Verstehe immer noch nicht, warum man einen Film kaufen und speichern will, aber nicht die DVD/BluRay kauft. Billiger ist es nicht bzw wenn, dann nur sehr wenig - aber mit ner DVD/BD hat man "sogar" noch was in der Hand. ^^


----------



## Rabowke (25. Juni 2012)

Herbboy schrieb:


> [...] aber mit ner DVD/BD hat man "sogar" noch was in der Hand. ^^


Genau das Argument zieht bei mir nicht ... ich mag es meinen Datenbestand gerne im LAN verfügbar zu haben, wer will wie vorgestern immer mit irgendwelchen Medien hantieren?!

Ich nicht.

Aber der erste Punkt, die Kosten, ist genau mein Argument. Mir ist durchaus bewusst, dass Kosten nur einen kleinen Teil des Gesamtpreises ausmacht, aber man muss dem digitalen Käufer einen Mehrwert bieten, entweder ein idiotensicheres System wie z.B. iTunes *oder* einen (deutlich) geringeren Kaufpreis gg.über der Retailversion.

Das gleiche Argument bzw. Argumentationskette bring ich auch bei der Steam Diskussion.


----------



## sauerlandboy79 (25. Juni 2012)

Herbboy schrieb:


> Verstehe immer noch nicht, warum man einen Film kaufen und speichern will, aber nicht die DVD/BluRay kauft. Billiger ist es nicht bzw wenn, dann nur sehr wenig - aber mit ner DVD/BD hat man "sogar" noch was in der Hand. ^^


Ist eigentlich auch so meine Vorstellung, aber wenn ich die Möglichkeit habe einen Film in guter Qualität aufzuzeichnen und auf meiner mobilen Festplatte zu archivieren, kann das Platz und eben doch noch etwas Geld sparen.

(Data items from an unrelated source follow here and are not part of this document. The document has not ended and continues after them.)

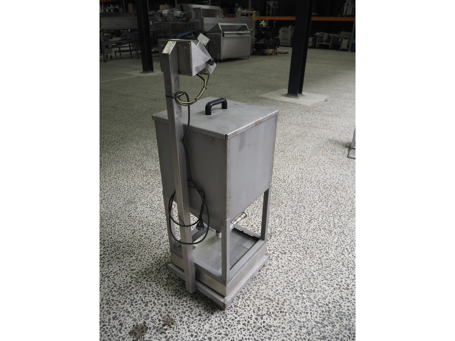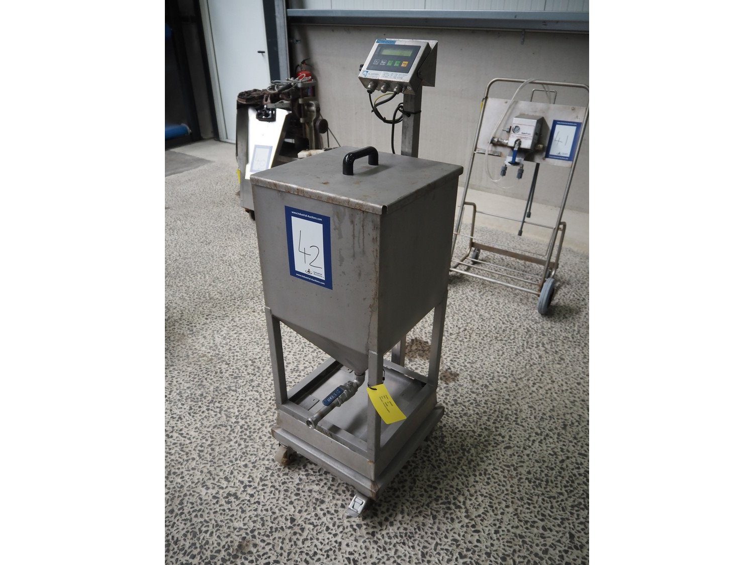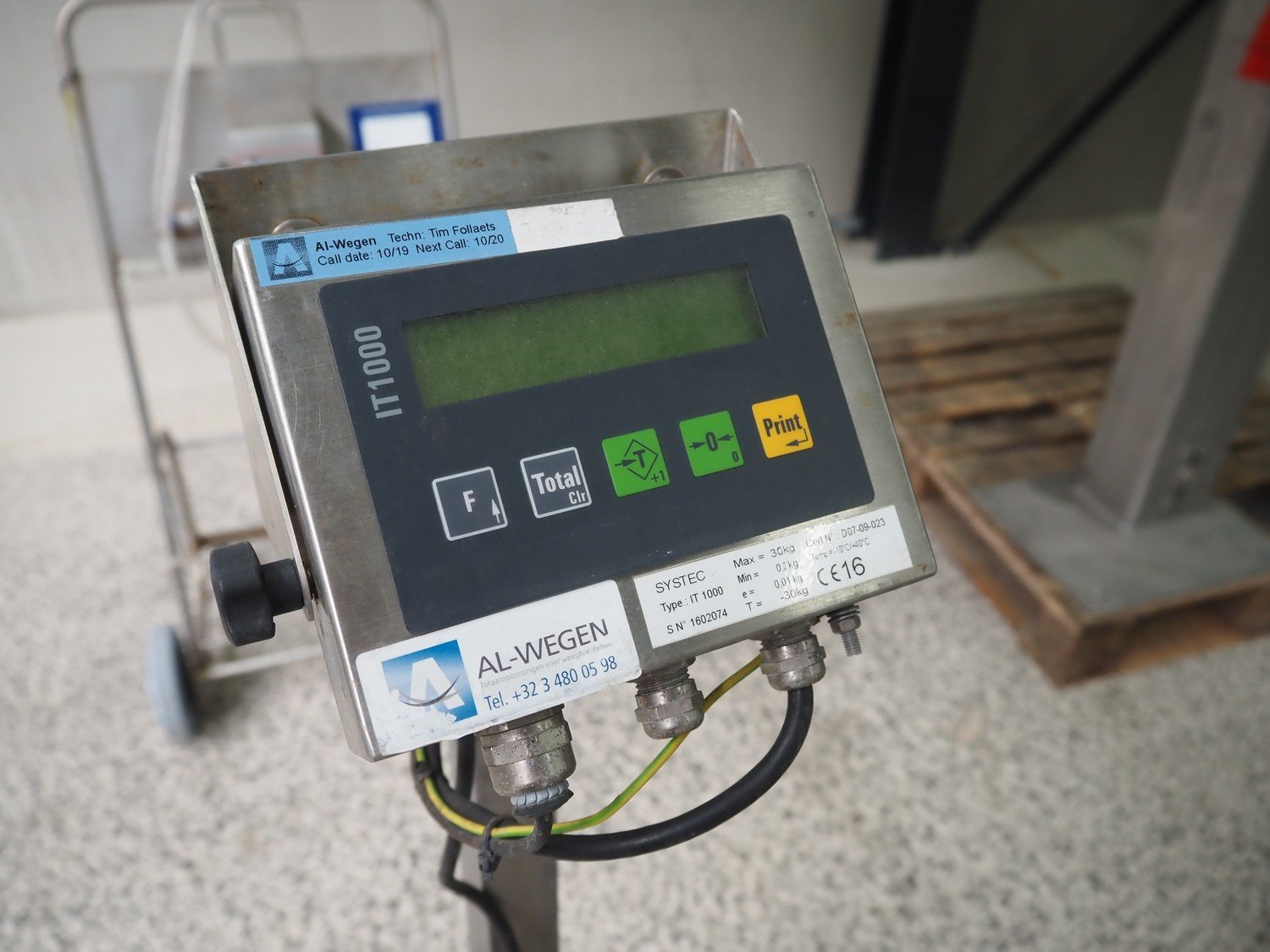 Systec mobile weighing scale with tub, type: IT 1000, serial number: 1602074, maximum weight: 30 kg, minimum weight: 0.2 kg, e=- 0.01 kg, T = -30kg, inside dimensions tub: 380 mm x 380 mm x 420 mm, total dimensions: 520 mm x 420 mm x 1370 mm. Kavel locatie: Amfoor 6, 4421 SE Kapelle, Nederland
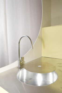 Ein Cube mit Edelstahloberfläche, abdeckbarem Waschbecken und 360° drehbarem Wasserhahn schwebt als Küche über dem Tisch.
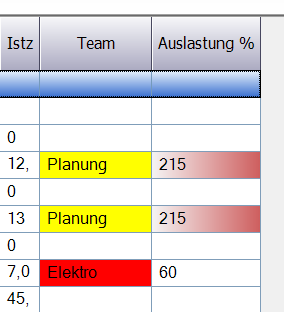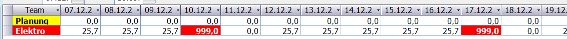 Hat ein Kalendertag KEINE Planstunden, hat aber Durchlaufzeit zugeordnet, so wird der Wert 999 ausgegeben. Beträgt die Auslastung mehr als 100%, so wird die Zelle ROT eingefärbt. Mit dieser Tabelle können rasch Engpässe identifiziert werden. | |
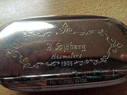 Sante och Elin Johnson i släkten Johansson ovan fick en dotter Irene Sophia (1916 - 2001). Hon gifte sig med Willard John Carlson (1916 - 1998) och paret fick dottern Sonja Irene (Carlson) Thomas. Sonja äger en liten dosa av metall, cirka 7 cm bred. Dosan har en inskription på locket “J. Sjöberg, Hismofors, 1905”. Denna dosa är en svensk snusdosa. Bilden till vänster visar snusdosan. Förr såldes snus på lösvikt. Därför var det tidigare vanligt att brukarna av snus hade speciella snusdosor där snuset förvarades och dosorna fylldes på av försäljaren på försäljningsstället. En snusdosa är helt enkelt en behållare för snus och var förr vanligen tillverkad av trä, näver, silver, nysilver, horn mm. De var ofta även graverade.Inskriptionen på locket lyder “J. Sjöberg, Hismofors, 1905”. Intill gångjärnen finns ytterligare en inskription “Pål Olsson, Wånga”.Snusdosan ägs idag av Sonja Thomas i Orlando, Florida, och den kom till USA med släktingar på hennes farmors sida, släkten Sjöberg, när de emigrerade till Nordamerika.Bilden visas med tillstånd av Sonja Thomas.Läs hela historien om snusdosan och släkten Sjöberg.
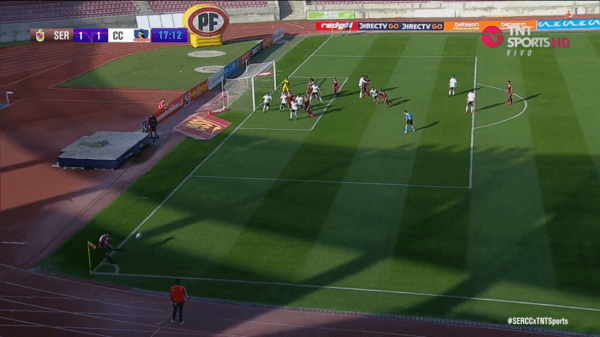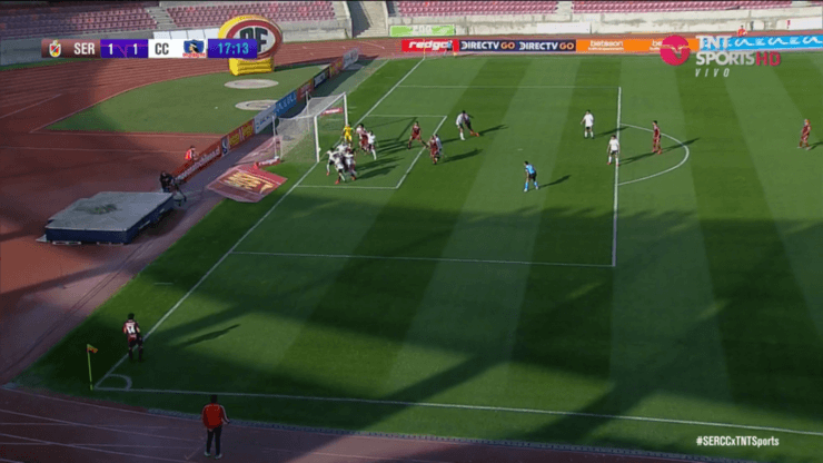 No obstante, en la jugada siguiente, ejecutó un corner desde la izquierda, al cual le dio gran efecto.
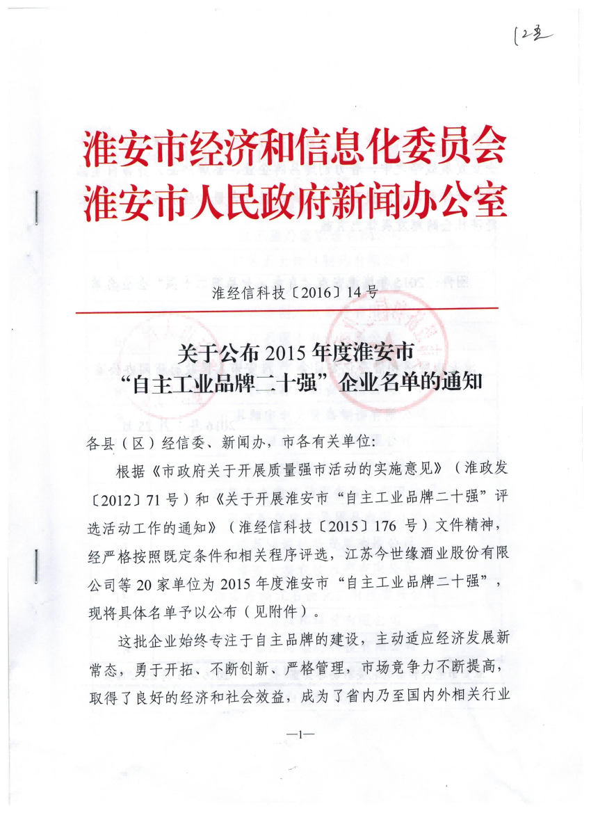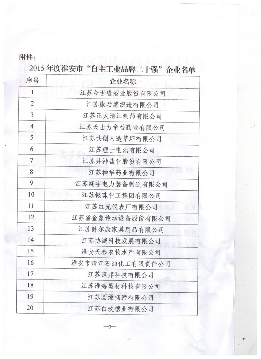 根據(jù)市政府評(píng)選,我公司被認(rèn)定為淮安市“自主品牌二十強(qiáng)”企業(yè)。“自主品牌二十強(qiáng)企業(yè)”是我市在國內(nèi)相關(guān)行業(yè)具有代表性并且競爭力較強(qiáng)的企業(yè),我公司名列第11名。
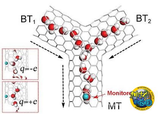 研究发现,当水分子受限于合适半径的Y型纳米碳管内时,管道内的水分子会“排成一列”,形成一维的水分子链,水在子管(BT)内的偶极取向可以由主管(MT)操控。当主管内水分子的偶极取向向下时,两个子管中的水分子的偶极取向也都向下;当主管内水分子的偶极取向向上时,每个子管中的水分子的偶极取向则具有相同概率的向上或向下;由此,实现了由子管中的水分子偶极取向来识别主管中单电子信号的诱导源。如果用管内的水分子偶极矩来判断,水在主管内的负偶极矩会导致子管的负偶极矩,而水在主管内的正偶极矩会导致每个子管的平均时间偶极矩趋向于零。这种水链表征的分子信号放大主要归功于水分子单链惊人强度的偶极诱导的有序性。这种信号的传递和放大能力在室温条件下是相当稳定的;并且信号对诱导电子的极性变化的响应相当快,延迟仅几十到几百纳秒。
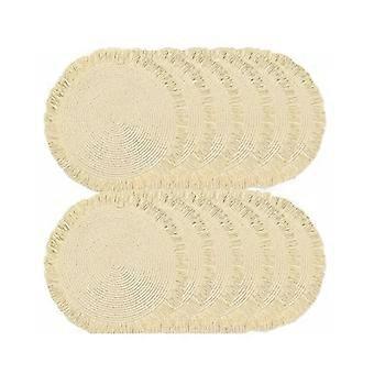 Boho Cotton Woven Placemat with Tassels, Handmade Rustic 10x12 in Beige Table Mat for Wedding or Farmhouse Decor
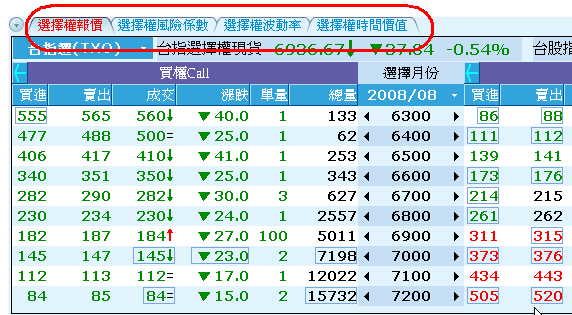 本功能頁提供四個相關子功能頁:選擇權報價、選擇權風險係數、選擇權波動率、選擇權時間價值。頁面操作類似,說明如下。
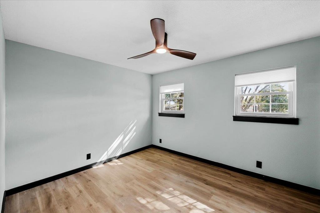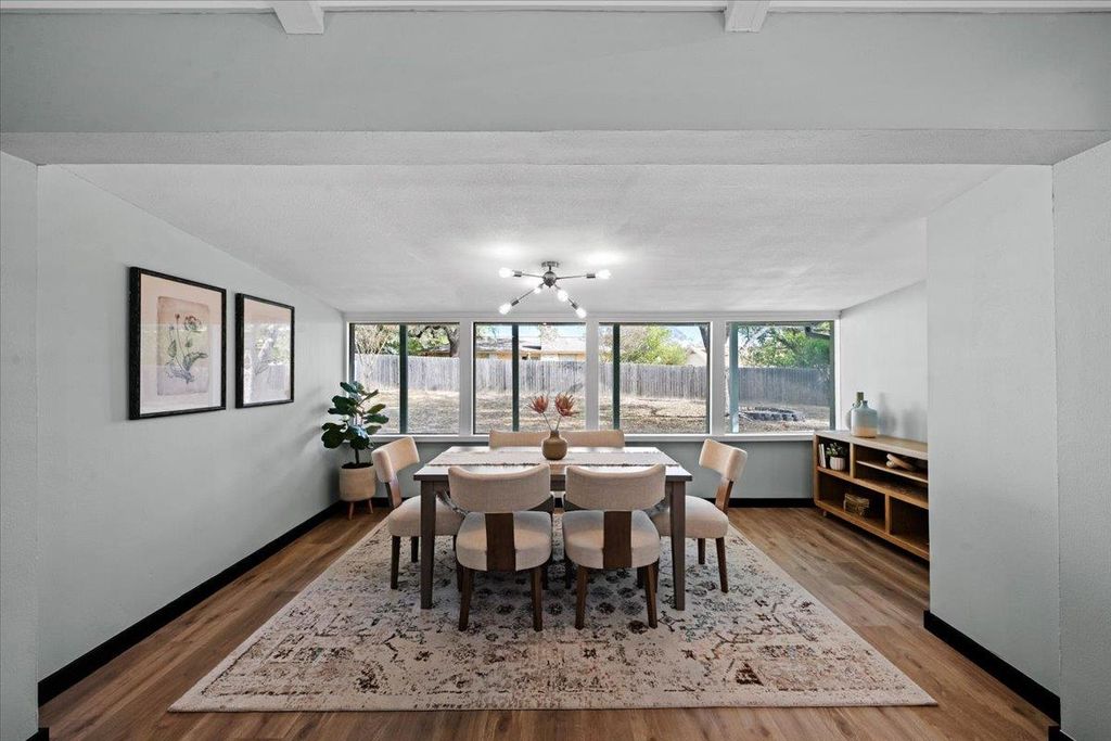 This fully remodeled single-story home sits on a spacious 0.34-acre lot surrounded by mature trees in Oak Hill. Featuring 4 bedrooms, 2 bathrooms, and 3 living areas, this home blends modern updates with the comfort of an established neighborhood. Inside, the family room and kitchen flow seamlessly into each other under a cathedral ceiling with a skylight, creating an open and inviting space filled with natural light. Luxury vinyl plank flooring extends throughout, paired with solid-core doors, updated trim, new lighting, and fresh paint inside and out. The kitchen has been completely redesigned with new cabinetry, quartz countertops, modern hardware, a walk-in pantry with built-in storage, and all-new appliances. The dining room, located across from the kitchen, features picture windows overlooking the backyard. The primary suite offers a walk-in closet, dual vanities, and a walk-in shower. Both bathrooms have been fully updated with new vanities, tile, fixtures, mirrors, and exhaust fans for a cohesive, modern design. System updates include a reconditioned HVAC system, new 50-gallon water heater, updated electrical panel, and added attic insulation. Outside, the backyard offers a covered patio that extends to an open deck shaded by mature trees. Additional exterior updates include refreshed concrete and driveway stain, new gutters, lighting, landscaping, and a drip irrigation system. A durable metal roof provides long-lasting protection. Conveniently located near shopping, dining, and parks with easy access to 71 and 290, this move-in ready home offers a rare opportunity to enjoy a fully modernized residence in a well-established Austin neighborhood.
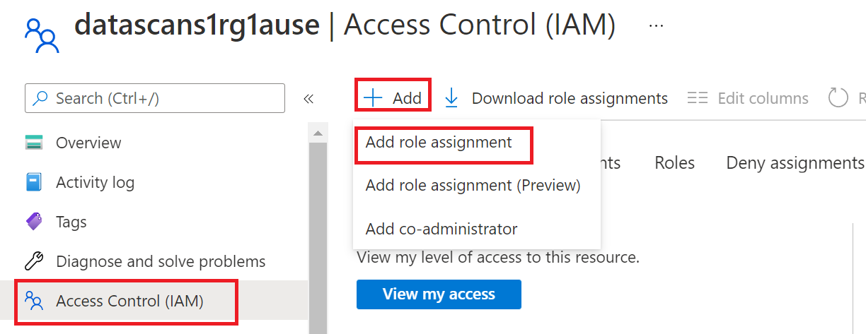 若要配置 Azure 基于角色的访问控制 (RBAC) 权限,请按照指南进行操作。 以下屏幕截图显示了如何访问 Azure 门户中的访问控制部分,以便为数据资源添加角色分配。
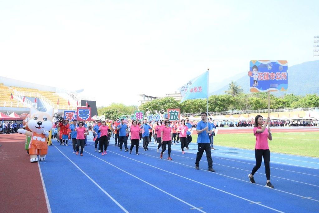 花蓮市公所團隊創意進場,首先揮舞著我國國旗以及與花蓮市建立友好城市關係的各國旗幟,象徵要將環保淨零觀念與國際接軌,緊接著映入眼簾的還有來自太平洋縱谷馬拉松的吉祥物斑馬、羚羊、柴犬與山豬,邁著大步與全場互動打招呼。
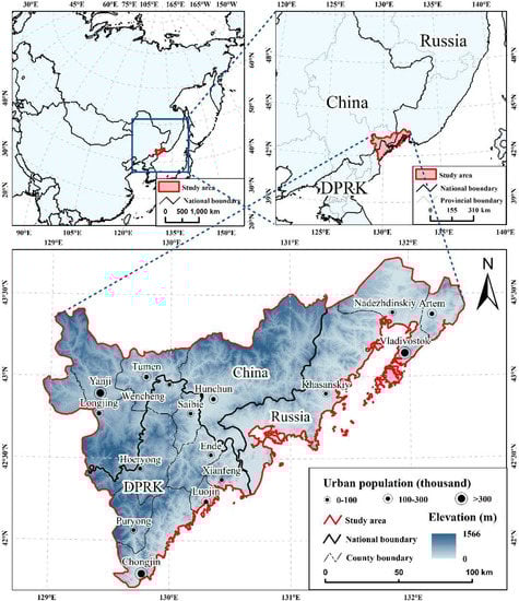 The transnational urban agglomeration of the Tumen River (TUATR) in northeastern Asia is located across the region of China, Democratic People’s Republic of Korea (DPRK) and Russia, with this geographical area including the major port cities of Vladivostok, Luojin, and Chongjin [,] (Figure 1). This region represents an important part of the “Chinese-Russian-DPRK-Mongolia” international channel as a key component of the Chinese “The Belt and Road” strategy [], which has also been identified as a key region for the development of Russia’s Far East region and Luoxian Economic Zone in DPRK. Therefore, the sustainable development of regional cities in this area is of great importance to three countries [,,]. The rapid urbanization of this region has resulted in an increase in the UHII in this area [], with global warming predicted to increase the temperature of this region further [,]. Therefore, quantifying the spatial pattern of UHII across the TUATR is important to promote the sustainable development of regional cities in this area.
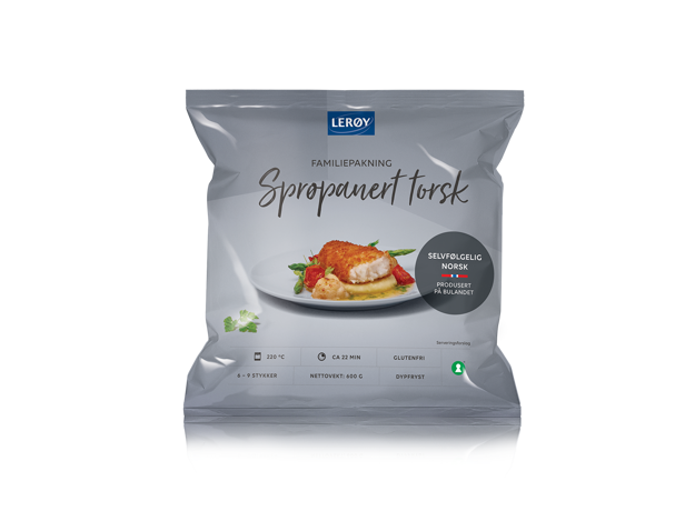 Lerøy Sprøpanerte torsketerninger kommer i praktisk størrelse på 300 gram, mens Pankopanert torskefilet kan utgjøre middag for én.

Aber auch nur bei HD-Versionen, normale DVDs kriegt man ja schon für nen Fünfer hinterhergeschmissen.
Nur bei Filmen mit ganz großem Sammelinteresse würde ich weiter beim klassischen DVD/BR-Medium bleiben.


----------



## Bonkic (25. Juni 2012)

Herbboy schrieb:


> Verstehe immer noch nicht, warum man einen Film kaufen und speichern will, aber nicht die DVD/BluRay kauft. Billiger ist es nicht bzw wenn, dann nur sehr wenig - aber mit ner DVD/BD hat man "sogar" noch was in der Hand. ^^


 
ich verstehe bis heute nicht, weshalb sich jemand überhaupt filme (egal in welcher form) _kauft_ oder besser gesagt _besitzen will_ (mir gehts nämlich nicht um piraterie).


----------



## sauerlandboy79 (25. Juni 2012)

Bonkic schrieb:


> ich verstehe bis heute nicht, weshalb sich jemand überhaupt filme (egal in welcher form) _kauft_ oder besser gesagt _besitzen will_ (mir gehts nämlich nicht um piraterie).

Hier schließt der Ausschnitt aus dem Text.